* **THE INPUT**
***

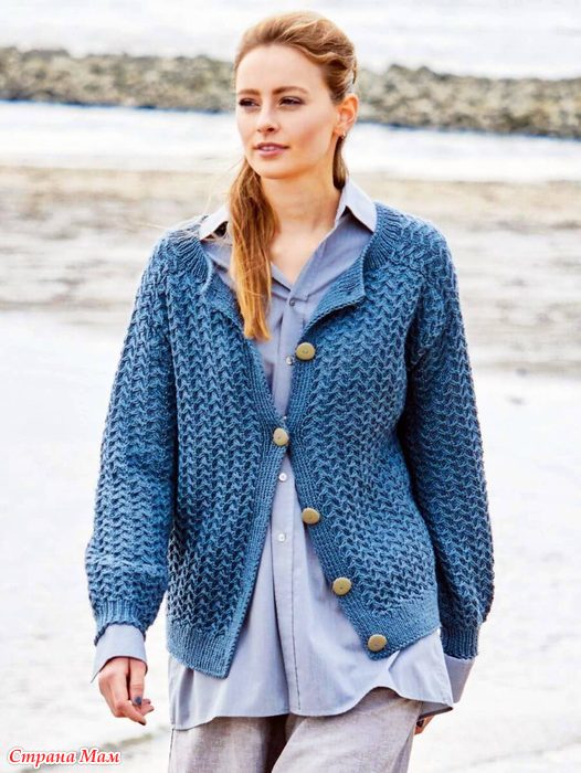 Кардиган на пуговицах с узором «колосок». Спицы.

***

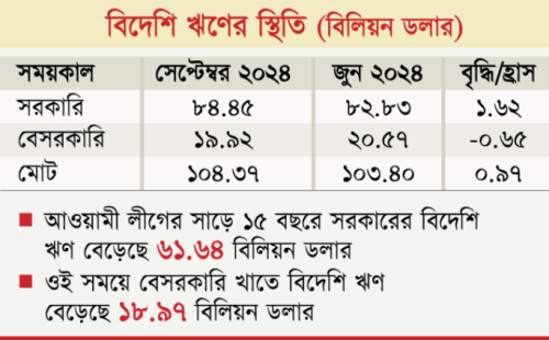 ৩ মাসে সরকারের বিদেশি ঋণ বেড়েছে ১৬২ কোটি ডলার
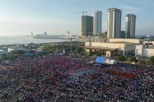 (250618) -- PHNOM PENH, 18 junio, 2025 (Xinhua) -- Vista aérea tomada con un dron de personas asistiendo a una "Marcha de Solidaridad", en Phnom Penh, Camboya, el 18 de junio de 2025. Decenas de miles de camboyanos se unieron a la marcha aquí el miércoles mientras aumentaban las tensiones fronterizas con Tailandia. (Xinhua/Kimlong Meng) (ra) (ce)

***

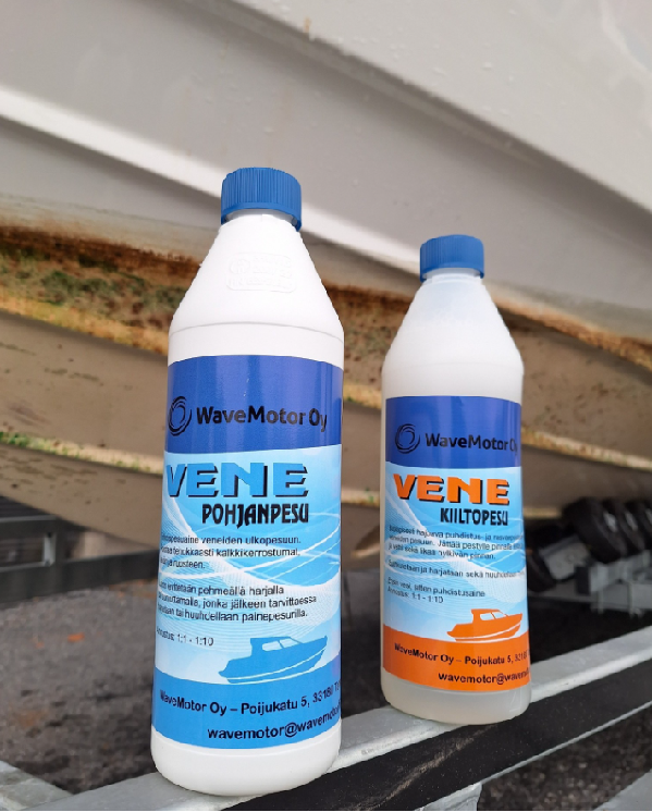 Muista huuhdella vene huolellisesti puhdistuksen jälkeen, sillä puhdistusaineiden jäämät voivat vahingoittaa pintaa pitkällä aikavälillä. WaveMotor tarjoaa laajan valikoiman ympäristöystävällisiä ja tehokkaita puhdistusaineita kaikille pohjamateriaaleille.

***

* **WHAT TO PRODUCE**
Among the entries above, copy exactly the stretch from the line holding "৩ মাসে সরকারের" through the line holding "(250618) -- PHNOM", leaving out any pictures.

* **ANSWER BOX**
 ৩ মাসে সরকারের বিদেশি ঋণ বেড়েছে ১৬২ কোটি ডলার
 (250618) -- PHNOM PENH, 18 junio, 2025 (Xinhua) -- Vista aérea tomada con un dron de personas asistiendo a una "Marcha de Solidaridad", en Phnom Penh, Camboya, el 18 de junio de 2025. Decenas de miles de camboyanos se unieron a la marcha aquí el miércoles mientras aumentaban las tensiones fronterizas con Tailandia. (Xinhua/Kimlong Meng) (ra) (ce)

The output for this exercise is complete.